The stim-bike looked very similar to this machine here, though without the arm portion.

Those images haunted me for a long time, with their simplicity, beauty, and the fact that they were beyond my reach for good (or so I thought). When I was finally able to travel the road on my handbike all of that changed; I was fast, I was invincible, I was the MAN! I reconnected with a part of myself that I thought was gone forever.

Though the initial enthusiasm has worn off, I still get excited when it's warm enough to bike. I can bike the trails near my house, seeing parts of the woods previously unexplored. I can get my nature freak on! Whatever it is that you most like to do, chances are it can be adapted for people with various disabilities. Take charge of your life and do what makes you happy!

Sunday, March 4, 2012

On Nerves and Support

My car crash shattered two of the vertebrae in my spine, crushing many of the nerves in my spinal cord. It severed some completely and compressed others. Fortunately, many of them remained intact or I would not be able to walk like I have. Contrary to common knowledge, nerves fibers do regrow (though most brain cells do not); the problem is that while they regrow they have to rewire themselves. Since they do not know where they are supposed to be operating they send out random electrical signals until they figure it out. Depending on the intensity this can feel like a small static shock or can feel as painful as a white hot wire pressed against the skin.


This has occurred every few months since the accident. This nerve pain can either come on after a series of particularly difficult tasks or for no reason at all. I adjust my medications for this onslaught and wait for it to end, since there isn't much else I can do. It sometimes ends with me getting the return of more function yet in the meantime it's mostly just annoying.

Almost done...

The past few days I have been experiencing this type of nerve pain. Though it generally is on the lighter side it makes it so that it's almost impossible to go about my day as normal. I missed class, physical therapy, and even a performance of the play I was helping with (I operated the sound board; fortunately there was someone to cover the job).

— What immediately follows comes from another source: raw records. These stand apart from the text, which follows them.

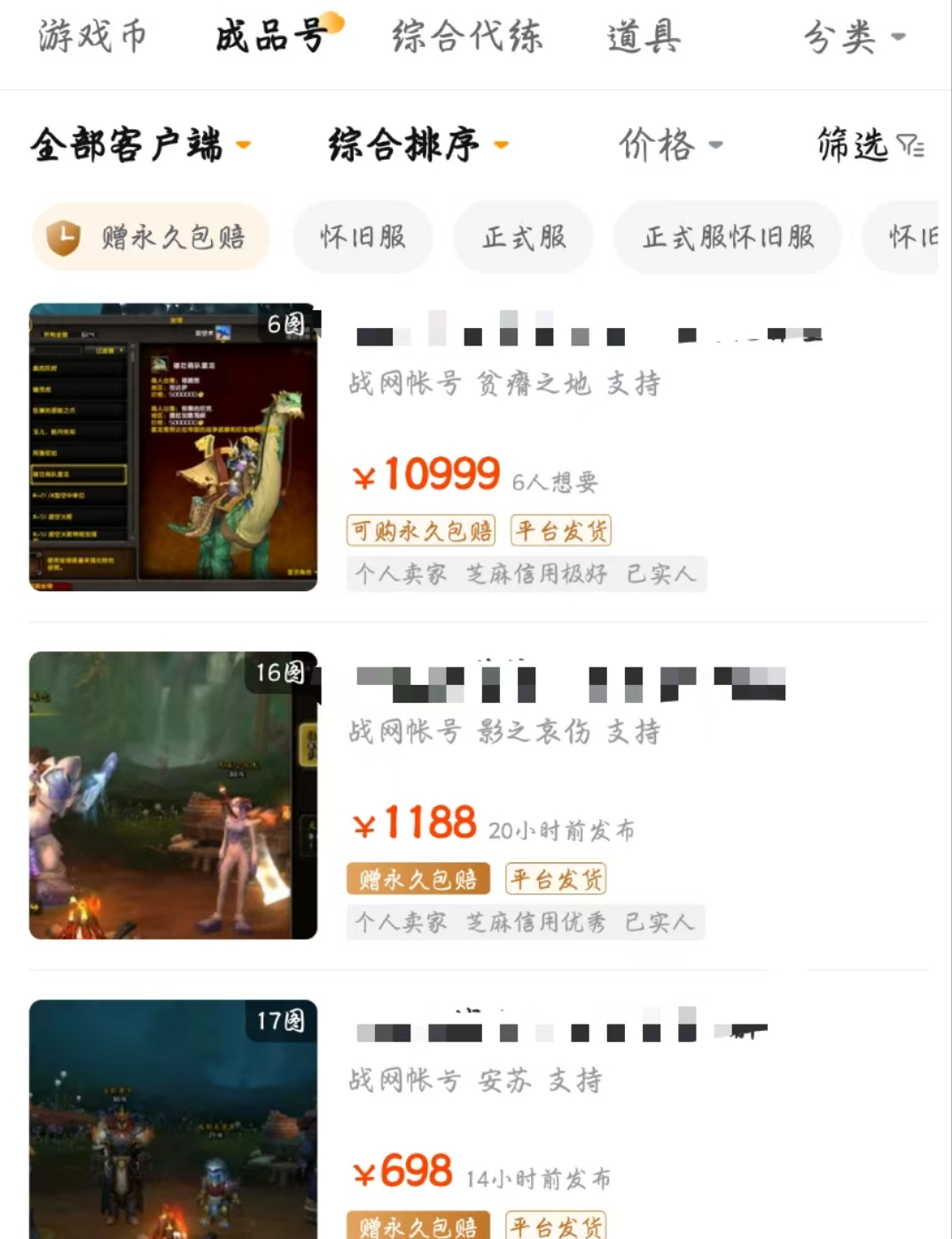 小伙伴們只要把自己想玩的游戲名稱進(jìn)行搜索就可以找到相應(yīng)的專區(qū)了,從下圖中小伙伴們可以看到,不僅僅是魔獸世界,像其他系列的懷舊服,妖王之怒以及外服的賬號資源都是有的,點(diǎn)進(jìn)之后大家也能看到有不少的資源,不僅有游戲號的售賣,還有各種道具可以選擇。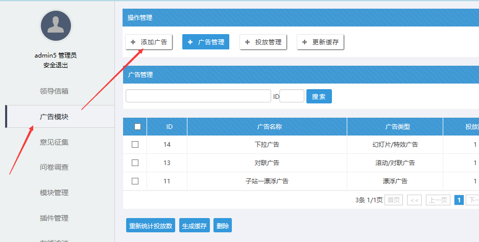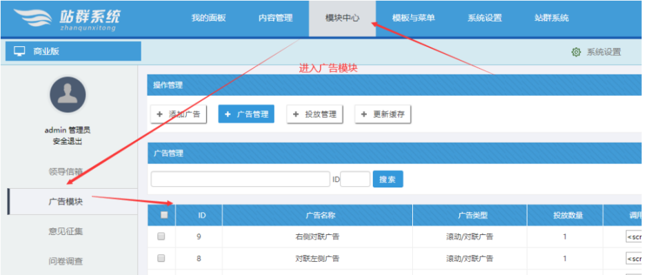 模塊中心----廣告模塊-----點擊“添加廣告” (準備創建對聯廣告為列)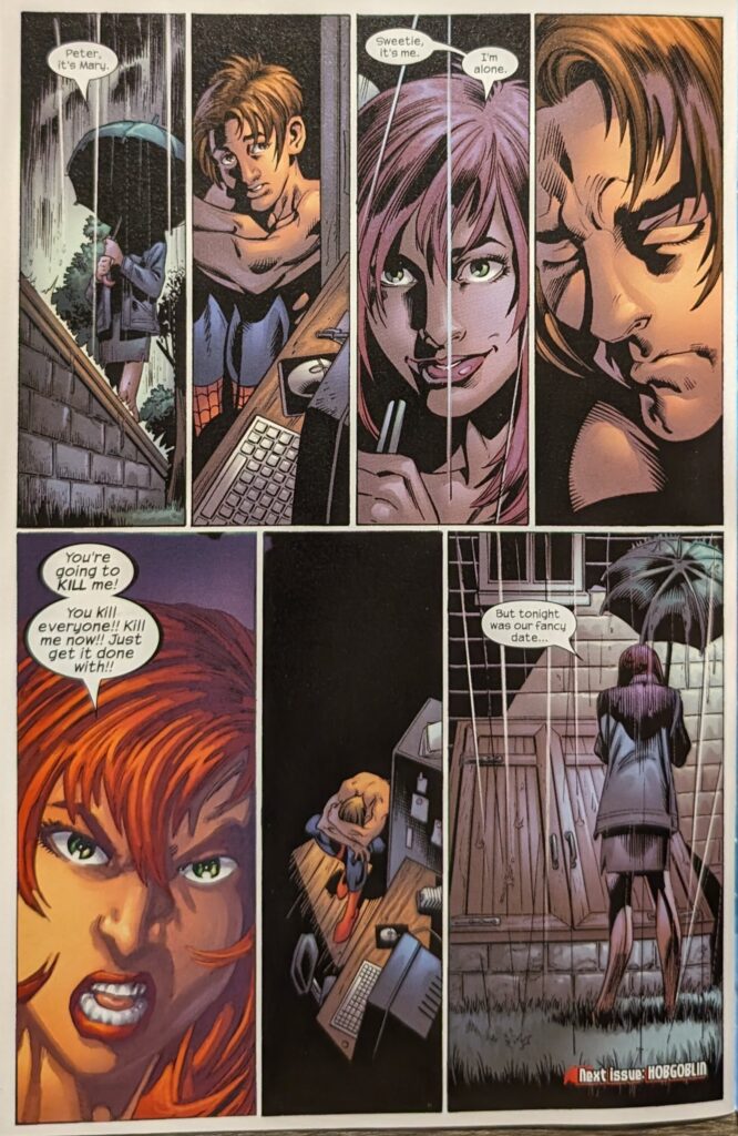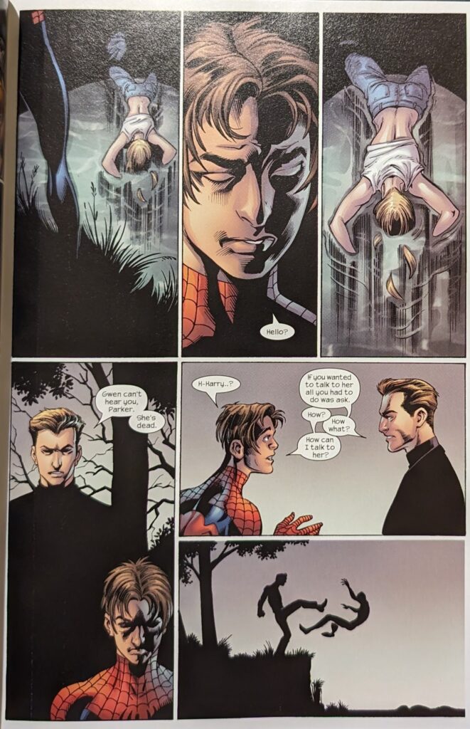 Why is Kraven there? Perpetual joke Kraven the Hunter alongside Carnage and Doc Ock? Spider-Man trapped in his nightmares is another situation where it’s a hoary old cliche, but also the first time we’ve seen it for this particular Spider-Man, so it’s kinda fun. He is forced off the roof of a tall building by Doc Ock, and chased by everyone who’s ever scared him (And Kraven) as he plummets to the ground. But when he hits, he’s back in the video of the Parkers and the Brocks he found. But then he sees the whole gang as corpses, except for…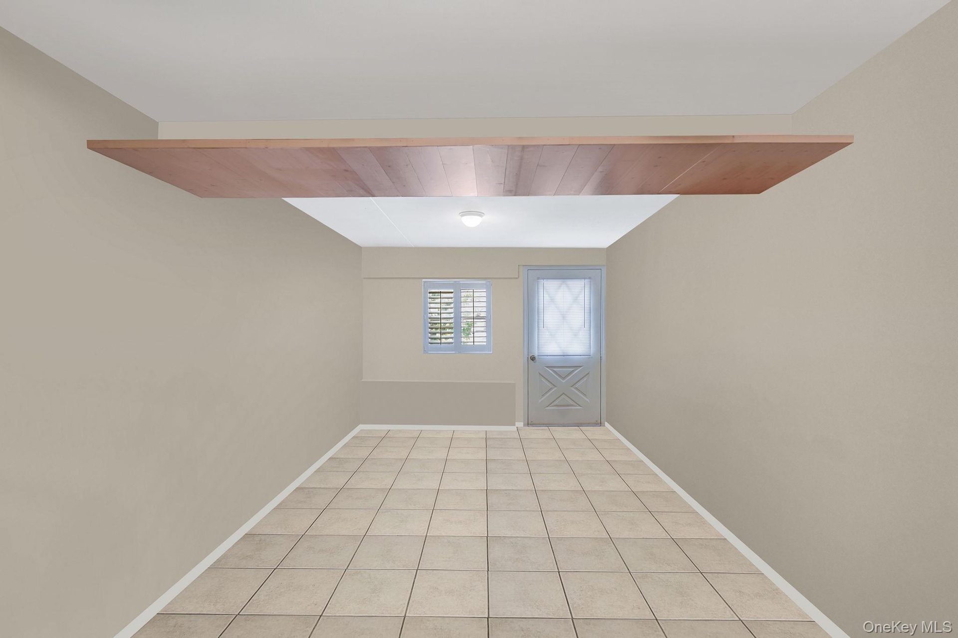 - Unfurnished room featuring wood ceiling and light tile patterned floors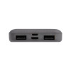 Внешний аккумулятор имеет пластиковый матовый корпус. Пауэрбанк заряжается через универсальный порт Type C или Micro-USB и отдает энергию через два классических порта USB. Благодаря встроенному в корпус индикатору уровня заряда батареи, удобно следить за расходом батареи. Емкость батареи: 10 000 мАч Тип батареи: литий-полимер Материал корпуса: пластик Входные порты: Micro-USB, Type-C Выходные порты: USB Входное напряжение Ток: 5 В 2 A Выходное напряжение Ток: 5 В 2 A Провод для зарядки в комплекте Индикатор уровня заряда батареи, 4 светодиода В комплект входит: 1. Универсальный аккумулятор2. USB кабель с разъемами USB-A и Type-C для зарядки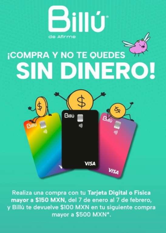 Aplican Restricciones. Vigencia del 7 de enero al 7 de febrero del 2024. Promoción válida pagando con Tarjeta de débito física o digital ligada a tu cuenta Billú en compras mayores a $150 pesos. Aplica en compras en comercios físicos y comercios digitales. Al cierre de la campaña, se validarán las compras que hayas realizado durante la vigencia de la campaña. Compras no acumulables. Bonificación no acumulable. Válido solo una bonificación por cliente y por compra durante la vigencia de la campaña. Limitado a los primeros 5,000 clientes que cumplan con los términos y condiciones. La bonificación a tu cuenta se verá reflejada en un lapso de 10 días hábiles posteriores al término de la campaña siempre y cuando realices tu segunda compra mayor a $500 pesos.

For support I've been turning to my new supportive group of friends, who I met through facebook. There are a surprising number of groups who are devoted to gay disabled individuals. These groups are made up of people with a variety of disabilities as well as the people who support them. They've offered me condolences, hugs, and some practical advice on what to do to deal with nerve pain.


And finally there is my group of friends in the physical world (vs. the virtual one). This group of people have stood by me the past few months, waited when I went slow, helped me when I needed it, and made feel welcome instead of different. There wasn't much they could do to help me deal the pain except keep me company, but that was more than enough. Having that support has been essential through every part of my recovery. In a world that more often than not treats me as different and weird it is amazing to feel almost normal again. Thank you.

 Sitting on the couch with my friends was more beneficial than just about anything else I could have done. Thanks to you fun crazy misfits. I love you guys.